Yes, the environment is good, and should be preserved. To that end, environmentalists have every right to sound the alarm when it comes to ecological threats, real or perceived. And yes, our beloved game consoles suck up quite a bit of power.
But this new report from the Natural Resources Defense Council, innocuously titled "Lowering the Cost of Play" but spun by the group’s PR into the more venomous "New Report: Video Games are Energy Drains," is disgraceful in method and message. The money stat here is that the country’s video game consoles eat up roughly as much energy per year as the city of San Diego.
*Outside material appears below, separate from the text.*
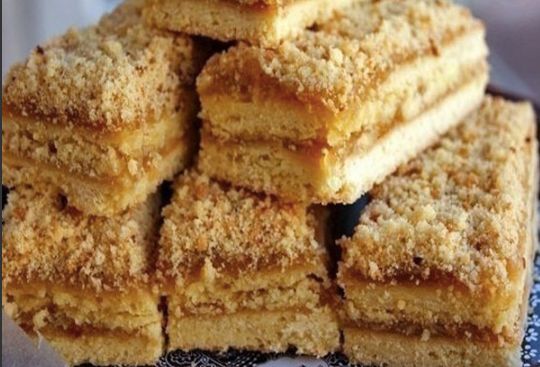 Приготовление: Первым делом, если вы хотите чтобы пирожное было именно таким вкусом, как в детстве, нужно сварить яблочное повидло (оно быстро варится). Именно яблочным повидлом промазывались пирожные и рулеты. Холодное масло порезать небольшими кусочками и взбивать миксером или в комбайне, добавить сахар, соль, ванильный сахар. Одно яйцо и один желток немного взбить в отдельной мисочке и вливать понемногу.. Соду (на кончике ножа) погасить уксусом и добавить в тесто Просеять муку Замесить тесто. Тесто немного охладить в холодильнике (например, пока варите повидло) Разделить тесто на 2 части (у кого большой противень, тесто можно не делить). Раскатать пласт толщиной примерно 4 -5 мм (потом выяснилось, что тесто в духовке не поднимается, поэтому это очень тонко, лучше 8 мм) Тесто накрутить на скалку И перенести на противень, застеленный бумагой Печь при 240 С до легкого зарумянивания (долго не пеките, иначе получится сухой рассыпчатый коржик, а не мягкий корж для пирожного. Т.к. духовки у всех разные, поэтому точного времени нет. Может кому-то нужно 8 минут, а кому-то 15...) Таким же образом испечь второй корж Коржи обрезать (обрезки пойдут на посыпку). Намазать первый корж 1/2 частью повидла Накрыть вторым коржом (т.к. коржи очень нежные и ломкие, в след. раз я их не буду сразу обрезать.Сначала обмажу нижний корж, не доходя до краев, положу второй, а потом обрежу. Кстати, так делали и в кондитерской у нас) Намазать верх оставшимся повидлом Посыпать крошкой

Unfortunately, this claim relies on pure conjecture, and the implication is backed by otherwise shoddy pretenses.

The linchpin assumption is that 50 percent of America’s video game consoles are left on when they’re not in use. In the actual study the NRDC freely admits they found no surveys, polls or statistics to back this wildly speculative claim. They don’t tell you that in the press release. "While we are unaware of any user data revealing the percentage of users who turn off their consoles after use, we have found anecdotally that many users leave their consoles on all the time," the study says.
Excuse me? Anecdotally, my Xbox 360 gets turned off after play because it’s loud -- itself a clue that my utility bill will skyrocket if I don’t power down. Anecdotally, the study has already been ripped apart for this very assumption. More perplexing is how the NRDC cites Nielsen survey findings that console owners who account for 75 percent of total playing time shut down their systems after 5 hours and 45 minutes, and that’s only on the days they play. The 50 percent estimate seems to conflict with those survey results.